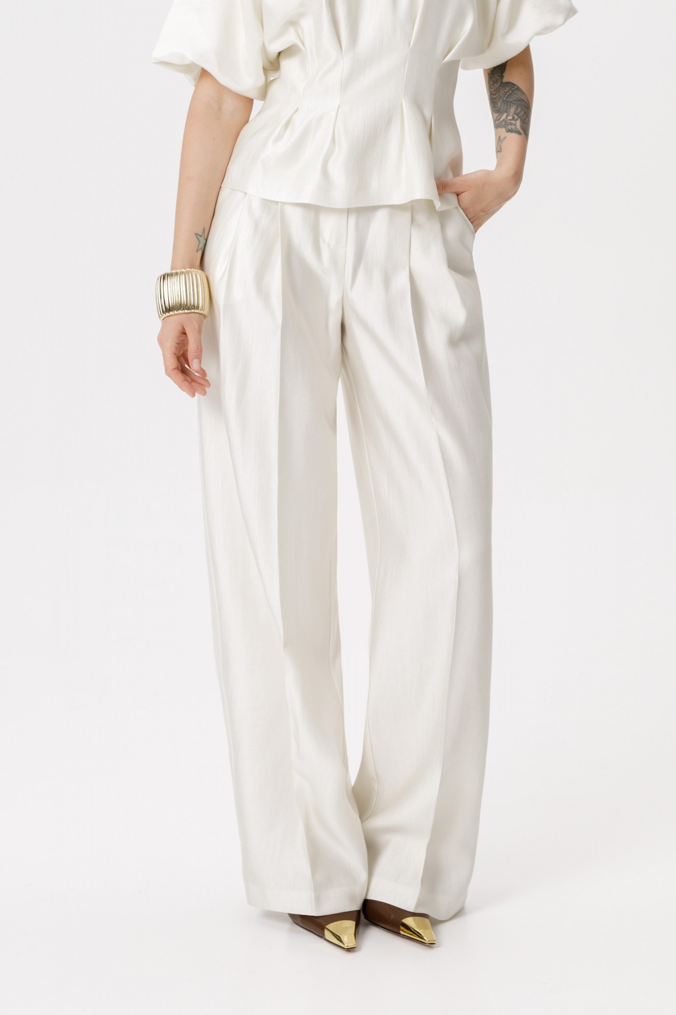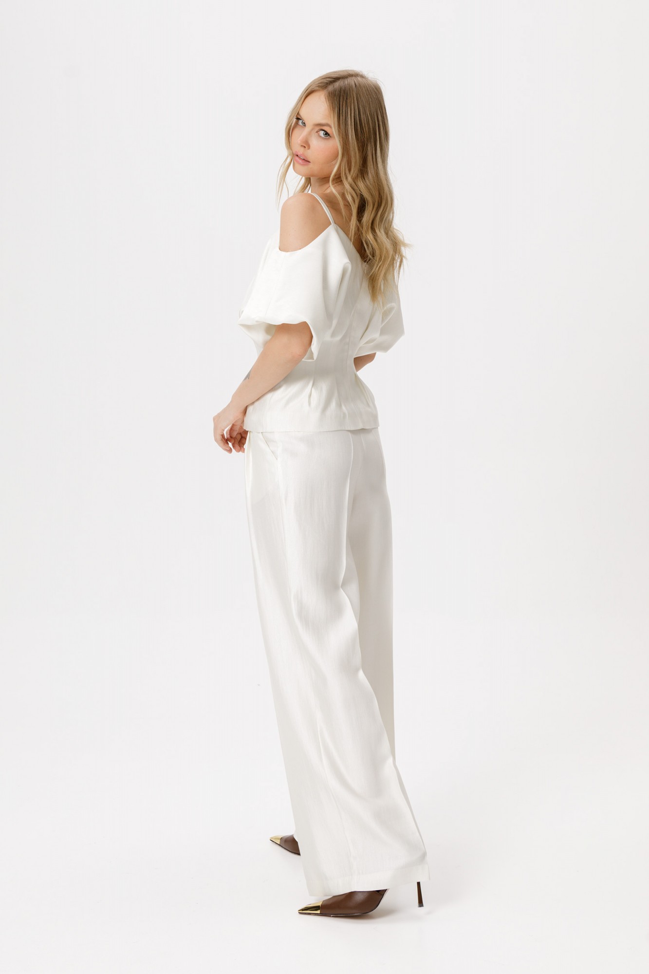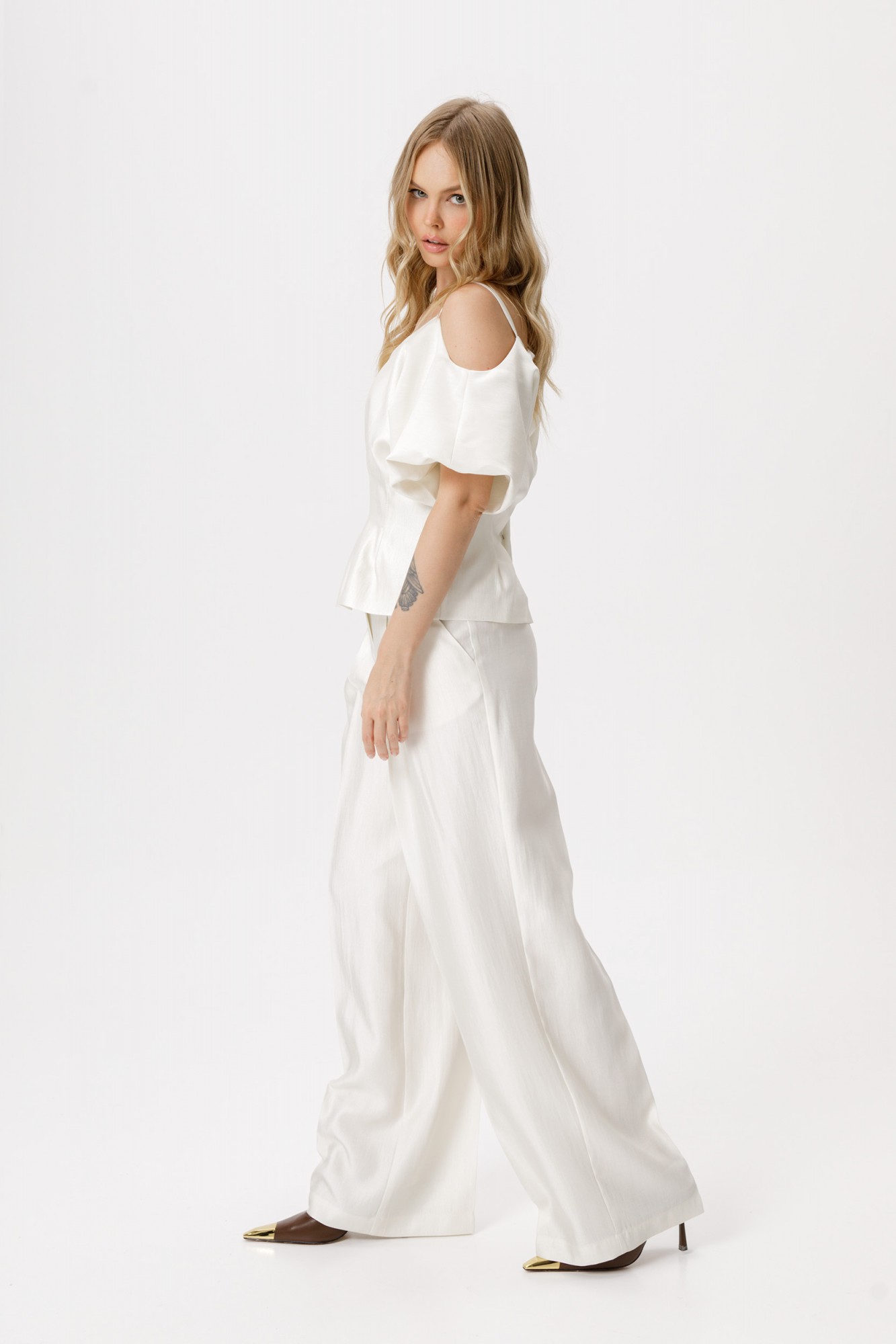 Широкие брюки-палаццо со стрелками. Детали: брюки с притачным поясом со шлевками, складки у пояса, застежка на молнию и пуговицу, боковые карманы, заутюженные стрелки. Задние части брюк с вытачками и имитацией карманов.
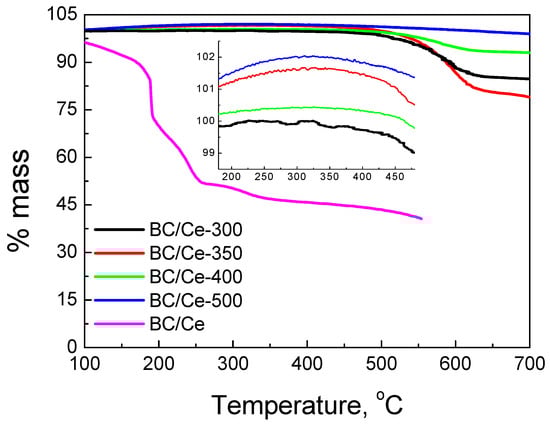 This was confirmed by the pore size distribution shown in Figure 2. The BC/Ce-500 had a limited amount of micropores (if any), in contrast with the other samples calcined at lower temperatures. For the BC/Ce-500 sample, there was a peak centered at about 85 nm, while the main peak was at 60 nm for the other samples; an additional peak was centered at 13 nm for BC/Ce-400. This increment in pore diameter was due to higher calcination temperature and the collapse of microporosity.
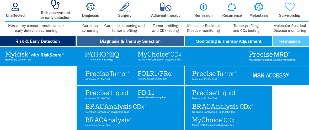 Our diagnostic strategies are supported by a comprehensive portfolio of genomic tests and platforms deployed across the oncology lifecycle, from early risk assessment to monitoring and recurrence.
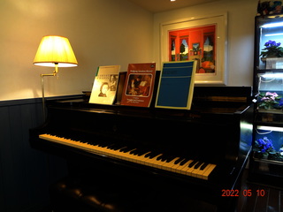 | レッスン環境 | 11畳洋室、絵画、庭園が楽しめる落ち着いたレッスン環境です。 室内には教室のシンボルフラワーのセントポーリアの花が、庭園には緋色のゼラニウムとバラの花が満開です。 レッスンに使用するピアノは、世界3大名器の一つで、コンサートホールで使用するニューヨークスタインウエイB211です。 本格的なコンサートピアノで、世界を代表するピアニストから支持をされる本物の音色を実感していただきます。 |
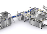 A 90° transfer system pairs the packages in the buffering belt of the vacuum chamber so that both seal bars can be utilized. If the products are not small enough to be paired, an auto-detect system will load the product as a single item.
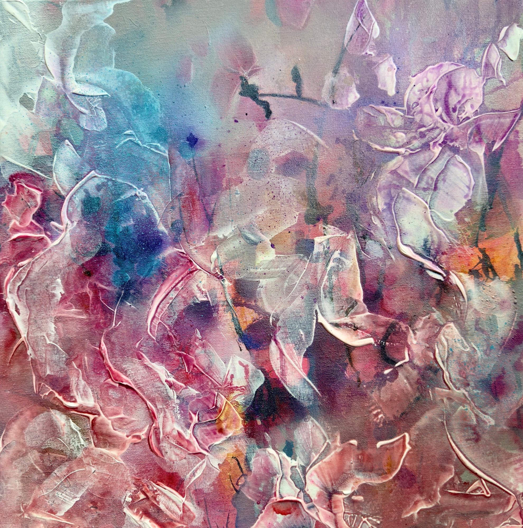Sekatekniikka kankaalle. Mitat: 50 x 50 x 3,7 cm. Valmistunut vuonna 2025. Whisper on maalattu 100% puuvillakankaalle, joka on pingotettu mäntykiilakehykseen. Taulu on ripustusvalmis.
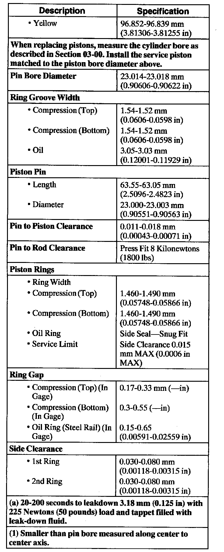 Engine Specifications
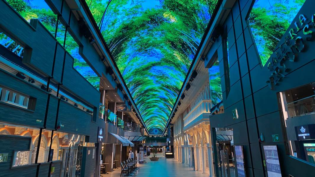 Длина променада — 111 м, а его главная фишка — «цифровое небо». Крыша галереи — это огромный светодиодный экран от компании Samsung длиной почти 100 м. В разное время суток он меняется, и создается впечатление, что ты каждый раз идешь по новой улице.
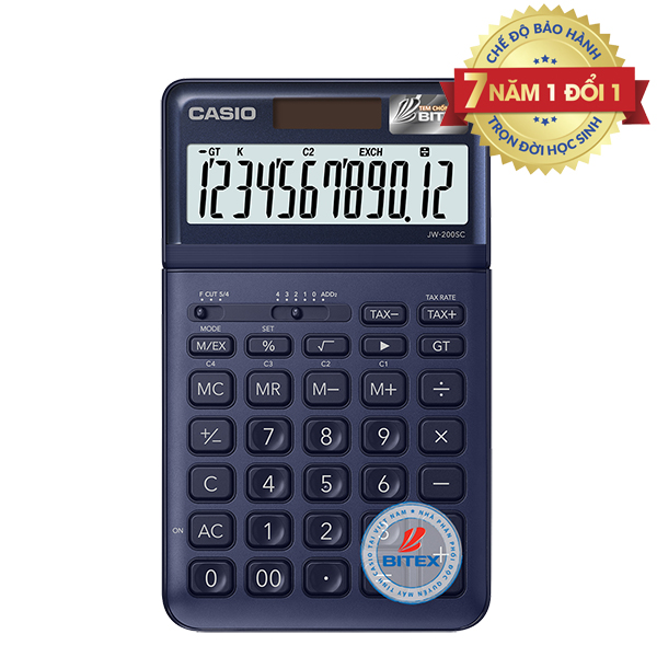Máy Tính Để Bàn Casio JW200SC sử dụng chế độ sử dụng năng lượng mặt trời được bật khi đủ sáng, chế độ pin được bật khi không đủ sáng.
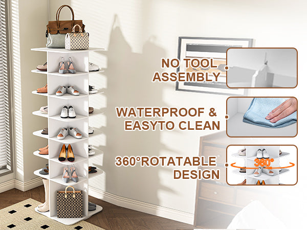 • EASY TO ASSEMBLE - It is super easy to put the spinning shoe rack tower together; You can assemble easily with the included instructions; And it won't take up too much of your time
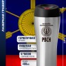 Гравировка нанесена с одной стороны металлической термокружки.
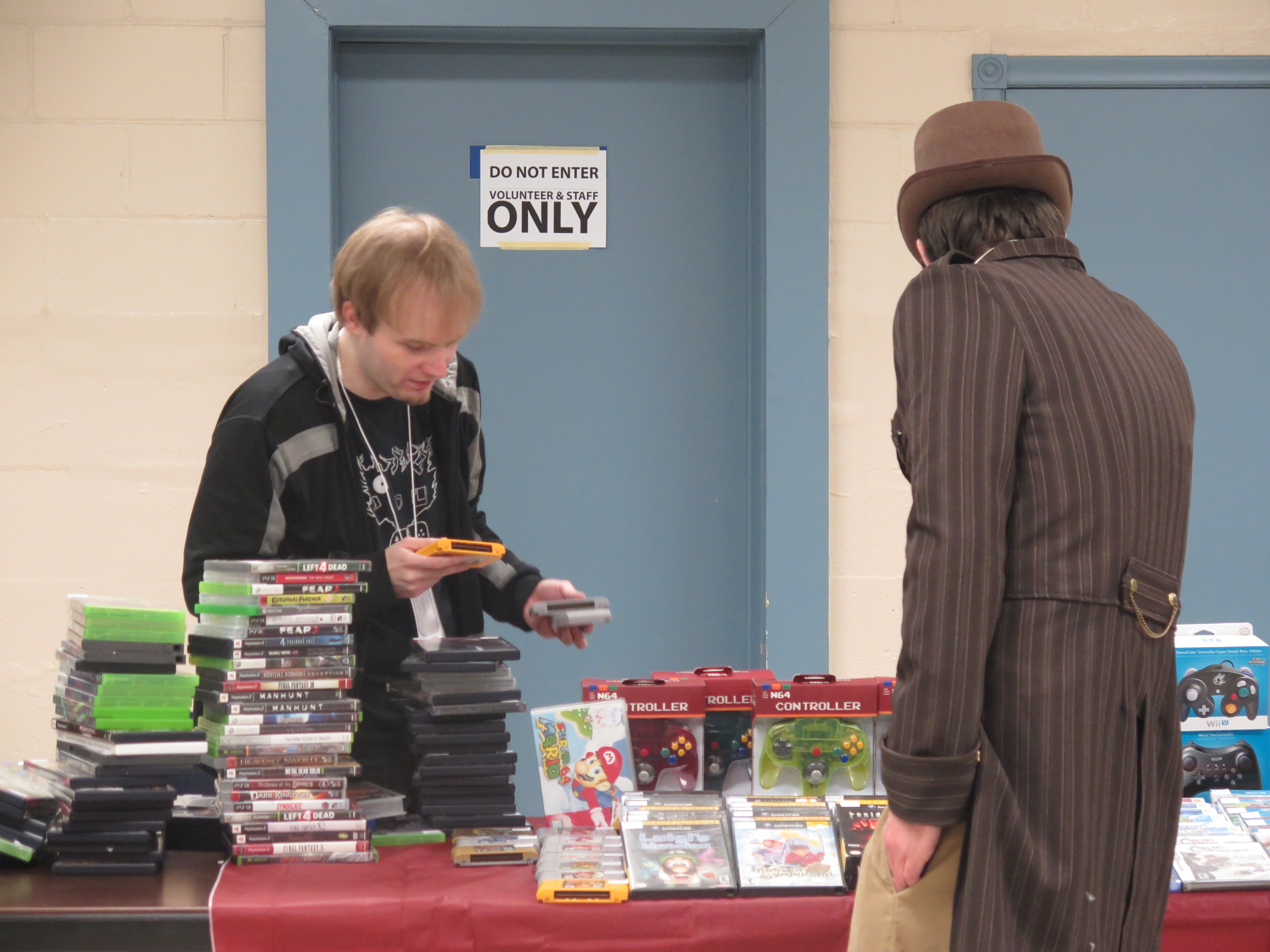 Devin checking out the games for sale.

________

Instructions to follow:
Restate every record exactly, please; do not copy the pictures.

Result of the exercise:
 Широкие брюки-палаццо со стрелками. Детали: брюки с притачным поясом со шлевками, складки у пояса, застежка на молнию и пуговицу, боковые карманы, заутюженные стрелки. Задние части брюк с вытачками и имитацией карманов.
 This was confirmed by the pore size distribution shown in Figure 2. The BC/Ce-500 had a limited amount of micropores (if any), in contrast with the other samples calcined at lower temperatures. For the BC/Ce-500 sample, there was a peak centered at about 85 nm, while the main peak was at 60 nm for the other samples; an additional peak was centered at 13 nm for BC/Ce-400. This increment in pore diameter was due to higher calcination temperature and the collapse of microporosity.
 Our diagnostic strategies are supported by a comprehensive portfolio of genomic tests and platforms deployed across the oncology lifecycle, from early risk assessment to monitoring and recurrence.
 | レッスン環境 | 11畳洋室、絵画、庭園が楽しめる落ち着いたレッスン環境です。 室内には教室のシンボルフラワーのセントポーリアの花が、庭園には緋色のゼラニウムとバラの花が満開です。 レッスンに使用するピアノは、世界3大名器の一つで、コンサートホールで使用するニューヨークスタインウエイB211です。 本格的なコンサートピアノで、世界を代表するピアニストから支持をされる本物の音色を実感していただきます。 |
 A 90° transfer system pairs the packages in the buffering belt of the vacuum chamber so that both seal bars can be utilized. If the products are not small enough to be paired, an auto-detect system will load the product as a single item.
Sekatekniikka kankaalle. Mitat: 50 x 50 x 3,7 cm. Valmistunut vuonna 2025. Whisper on maalattu 100% puuvillakankaalle, joka on pingotettu mäntykiilakehykseen. Taulu on ripustusvalmis.
 Engine Specifications
 Длина променада — 111 м, а его главная фишка — «цифровое небо». Крыша галереи — это огромный светодиодный экран от компании Samsung длиной почти 100 м. В разное время суток он меняется, и создается впечатление, что ты каждый раз идешь по новой улице.
Máy Tính Để Bàn Casio JW200SC sử dụng chế độ sử dụng năng lượng mặt trời được bật khi đủ sáng, chế độ pin được bật khi không đủ sáng.
 • EASY TO ASSEMBLE - It is super easy to put the spinning shoe rack tower together; You can assemble easily with the included instructions; And it won't take up too much of your time
 Гравировка нанесена с одной стороны металлической термокружки.
 Devin checking out the games for sale.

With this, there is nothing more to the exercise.